• [WORK REQUIRED]: Transcribe exactly, and only, the lines running from the one that contains "Two military identification" through the last line of the material. No pictures.

• [SUPPLIED DATA]:
————————
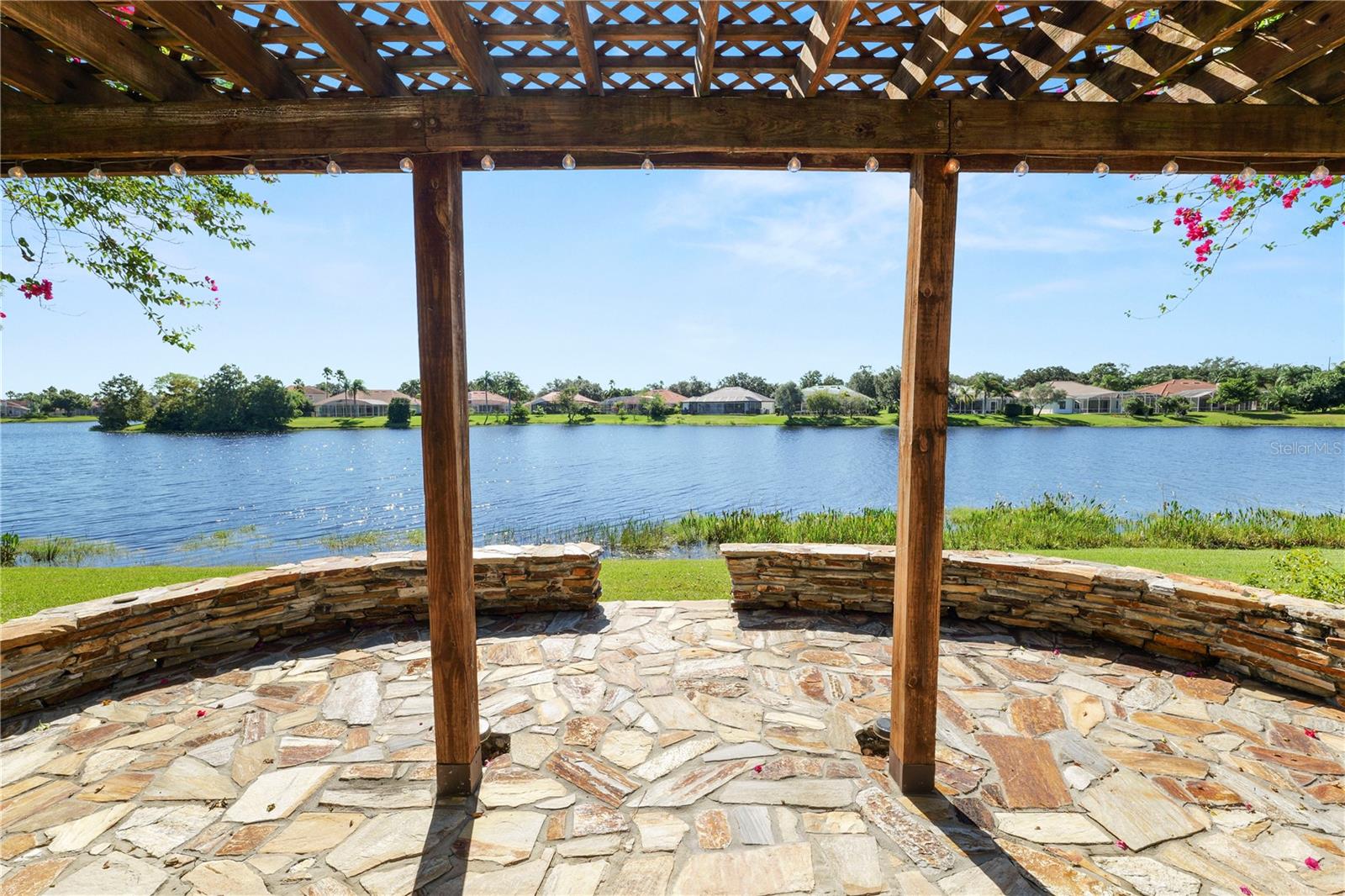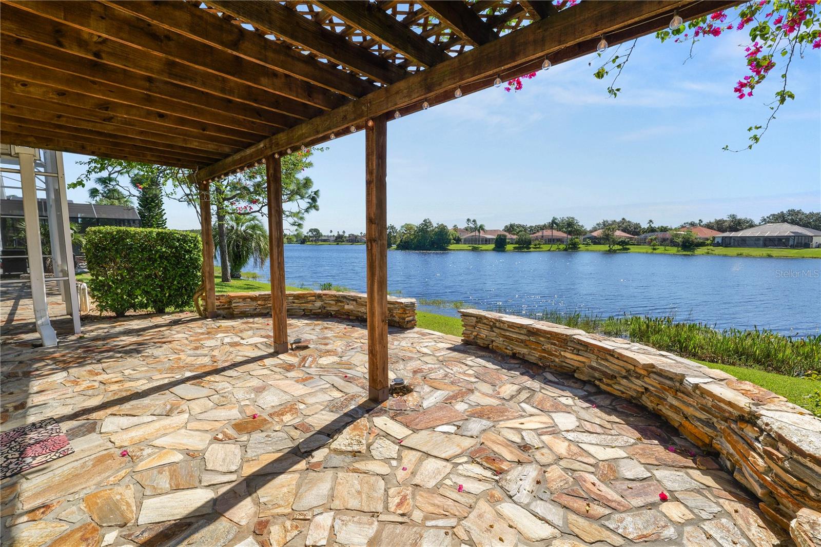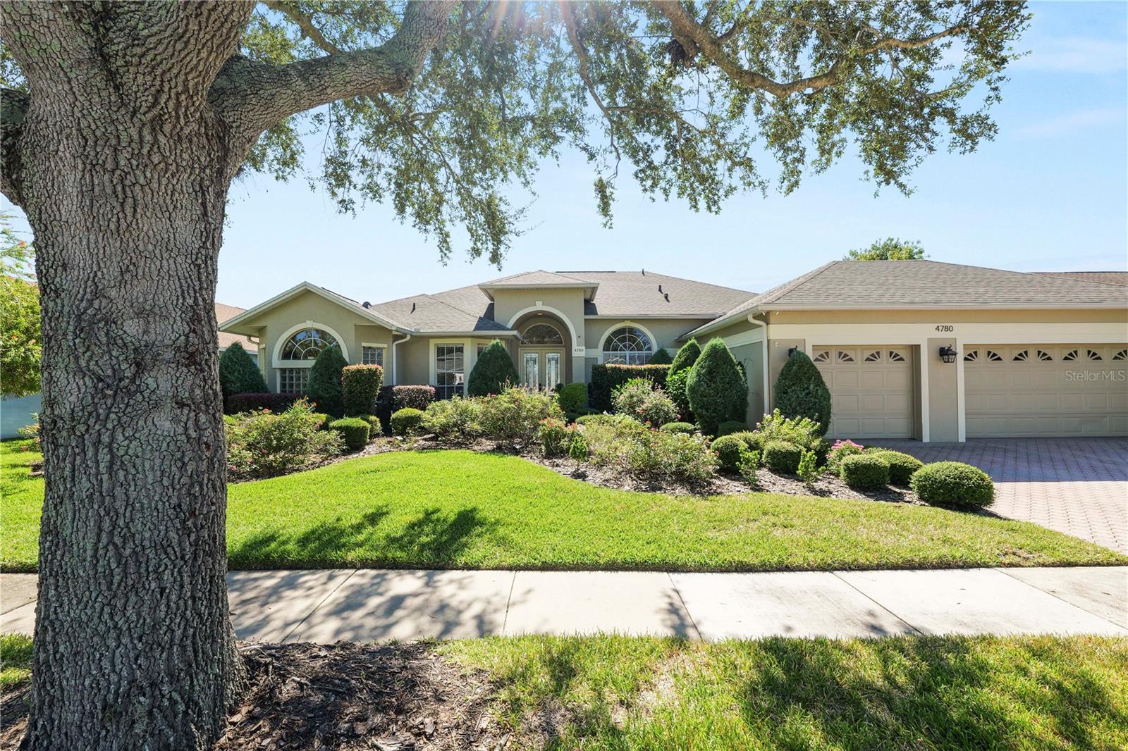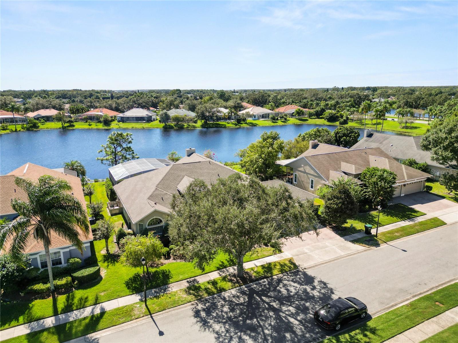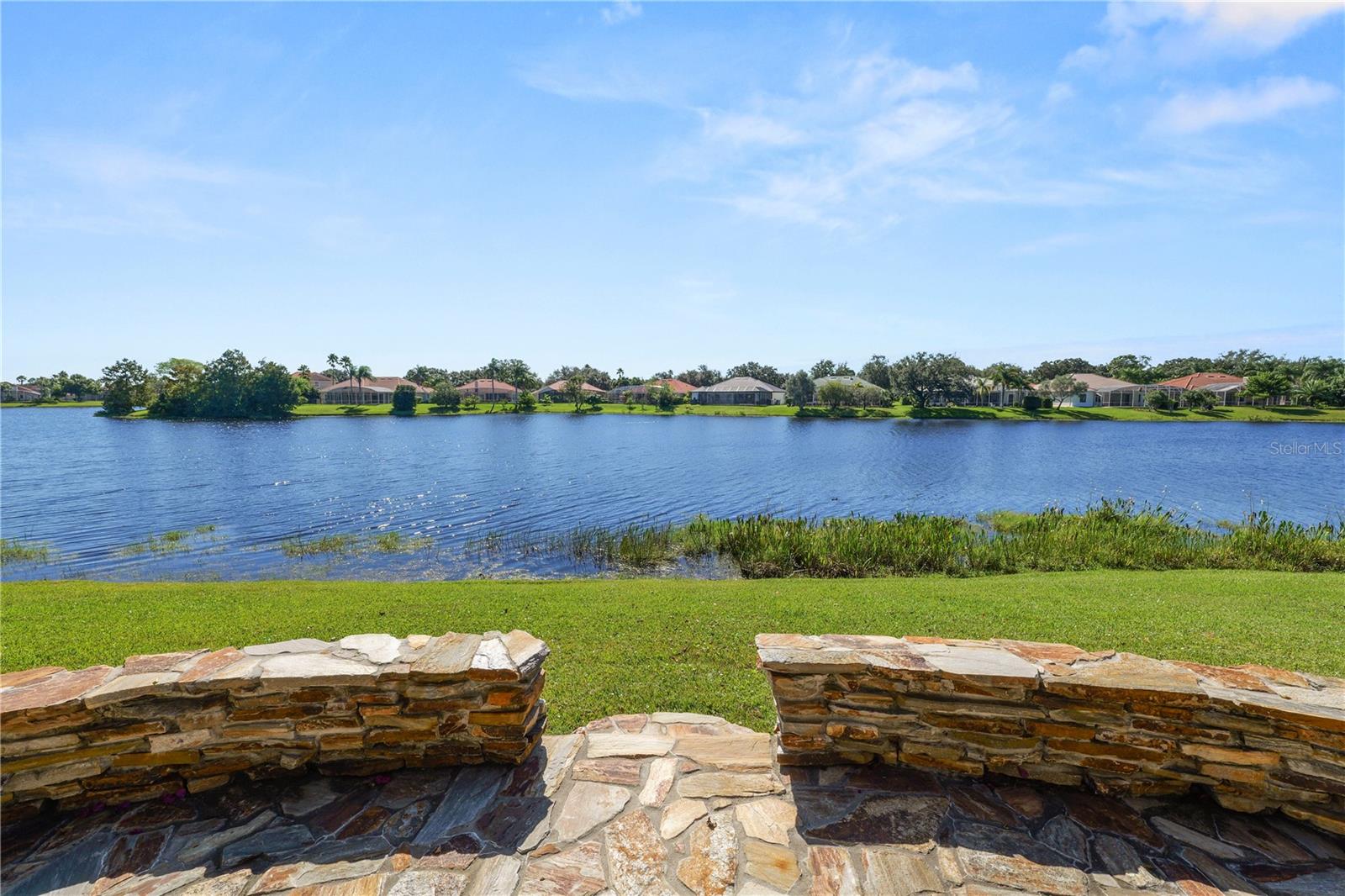 Under contract-accepting backup offers. This lakefront Calabay Cove property has manicured grounds with gorgeous flower gardens in the front and a sparkling pool overlooking the serene waters of Lake Calabay. The 4/5-bedroom home is just as beautiful inside, with tile/wood floors, high ceilings, crown molding and large windows – which let in lots of natural light & showcase the water views. French doors in master bedroom, living room, family room and game room give you easy access to the pool and pergola areas. Just off the foyer, you’ll find the 5th bedroom or use as a dedicated home office, formal living room with French doors accessing the pool area and a formal dining area. At the rear of the floorplan, the family room is open to the kitchen and includes a wood burning fireplace and custom built-ins. The kitchen features shaker cabinetry, granite countertops, pro-style appliances, a center island and a breakfast nook. Just steps away, the backyard oasis includes a covered patio for entertaining, plus a completely screened-in pool & spa surrounded by a stone deck. Outside the enclosure, the pergola-covered patio is lined by another garden and provides a great spot to admire the lake. The back wing of the house has a BONUS recreation/game room with a dry bar and access to the patio and pergola. The spa-like master ensuite includes custom tilework, a double vanity, a soaking tub and a separate shower. Two guest rooms down the hall share an updated Jack & Jill bathroom with all the same high-end finishes found throughout the rest of the home. The laundry room off the 3-car garage also has granite countertops and tons of storage. Calabay Cove is a gated community with easy access to schools, parks, trailheads and highways. Plus, The Loop shopping mall, Publix and numerous dining options are all just 5 minutes from your front door. Less than 20 minutes to the theme parks, 25 minutes to the airport and 1 hr to the beach! Enjoy the most breathtaking sunrise and sunset from the pool and pergola areas. This lovely home's roof was replaced 10/22. Third car garage converted into a workshop with wall-mounted A/C. Pool table in game room remains with the property. Custom designed dinette set with bench also remain.
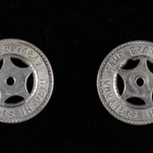 Two military identification tokens belonging to Hiroshi Sugiyama indicating his service number, enlistment in the United States Army, and station at Camp Grant, Illinois, [1941/1945].
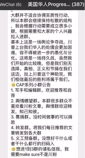 先看看一个名为“美国华人Progressive群”的通告,群主表示,“大群并不适合协调实质性行动,所以本群会继续保持松散的结构,我会根据行动需要成立很多小群,根据需要和大家的个人兴趣拉人入群”。她还说,“基本上这是一场舆论争夺战。。。虽然我们开始的比较晚,但是我们别无选择。真相、正义和节操在我们这边,加上川普这个神助攻,我们相信最后的胜利将属于我们”。她们还成立了CAP系列小群。什么写手和编辑群,什么舆情瞭望群,什么募捐群,什么转发群,什么义工预备群。更有趣的是,他们对入群采取了非常严格的审查措施。入群者需要加群主为好友,由群主审查入群者的好友圈,通过了才能放过。。。公告的前面还有这么一句话,“大选结果出来,很多人陷入shock,需要时间疗伤和整理思绪”。。。(川普神助攻的说法,我想大概是这样,因为川普是个大嘴巴,后面可能还是会有各种让咱们也觉得神奇的话出现,华左们正准备看笑话)
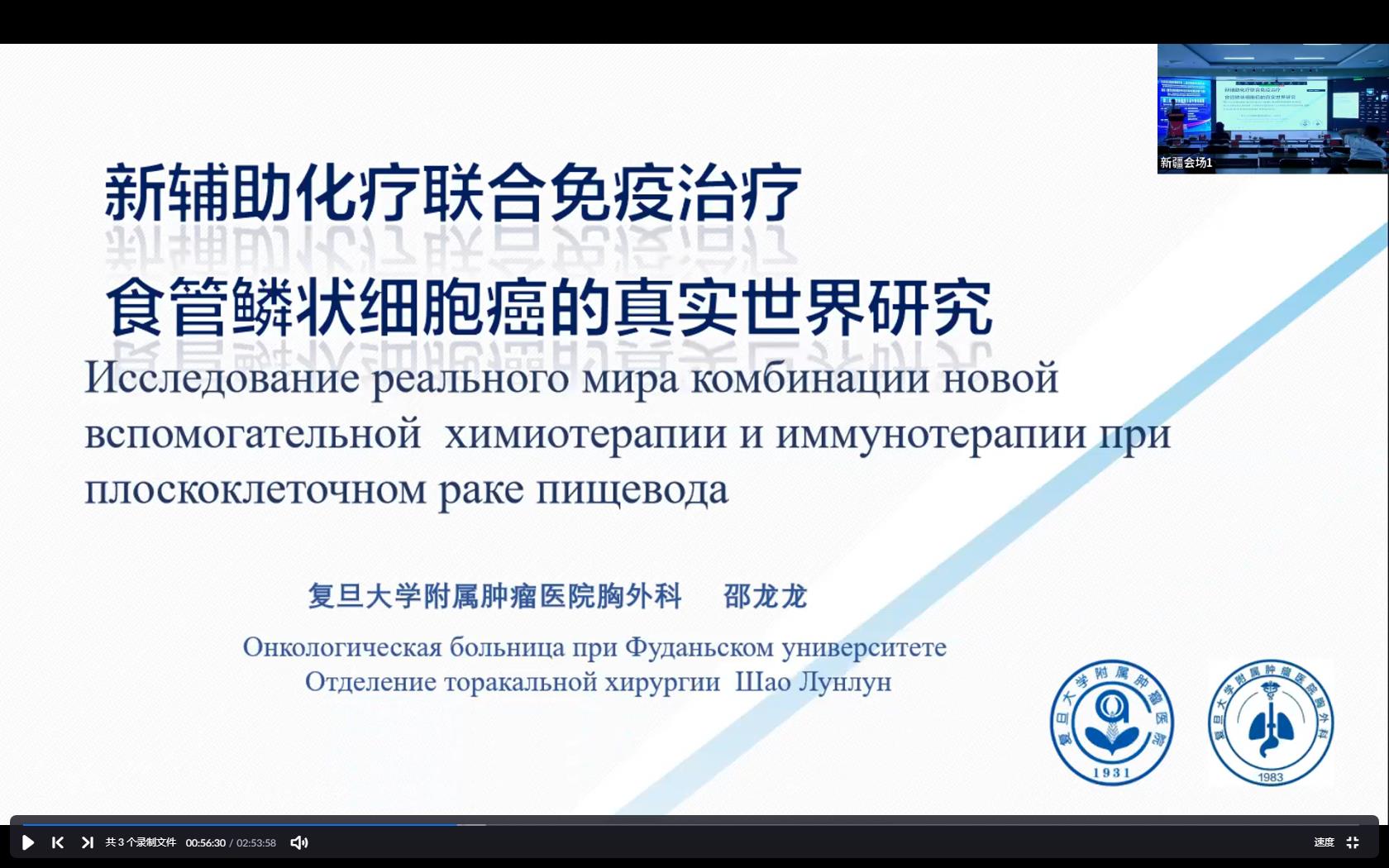 复旦大学附属肿瘤医院胸外科邵龙龙作《新辅助化疗联合免疫治疗食管鳞状细胞癌的真实世界研究》的报告
————————
• [SOLUTION TO THIS EXERCISE]:
 Two military identification tokens belonging to Hiroshi Sugiyama indicating his service number, enlistment in the United States Army, and station at Camp Grant, Illinois, [1941/1945].
 先看看一个名为“美国华人Progressive群”的通告,群主表示,“大群并不适合协调实质性行动,所以本群会继续保持松散的结构,我会根据行动需要成立很多小群,根据需要和大家的个人兴趣拉人入群”。她还说,“基本上这是一场舆论争夺战。。。虽然我们开始的比较晚,但是我们别无选择。真相、正义和节操在我们这边,加上川普这个神助攻,我们相信最后的胜利将属于我们”。她们还成立了CAP系列小群。什么写手和编辑群,什么舆情瞭望群,什么募捐群,什么转发群,什么义工预备群。更有趣的是,他们对入群采取了非常严格的审查措施。入群者需要加群主为好友,由群主审查入群者的好友圈,通过了才能放过。。。公告的前面还有这么一句话,“大选结果出来,很多人陷入shock,需要时间疗伤和整理思绪”。。。(川普神助攻的说法,我想大概是这样,因为川普是个大嘴巴,后面可能还是会有各种让咱们也觉得神奇的话出现,华左们正准备看笑话)
 复旦大学附属肿瘤医院胸外科邵龙龙作《新辅助化疗联合免疫治疗食管鳞状细胞癌的真实世界研究》的报告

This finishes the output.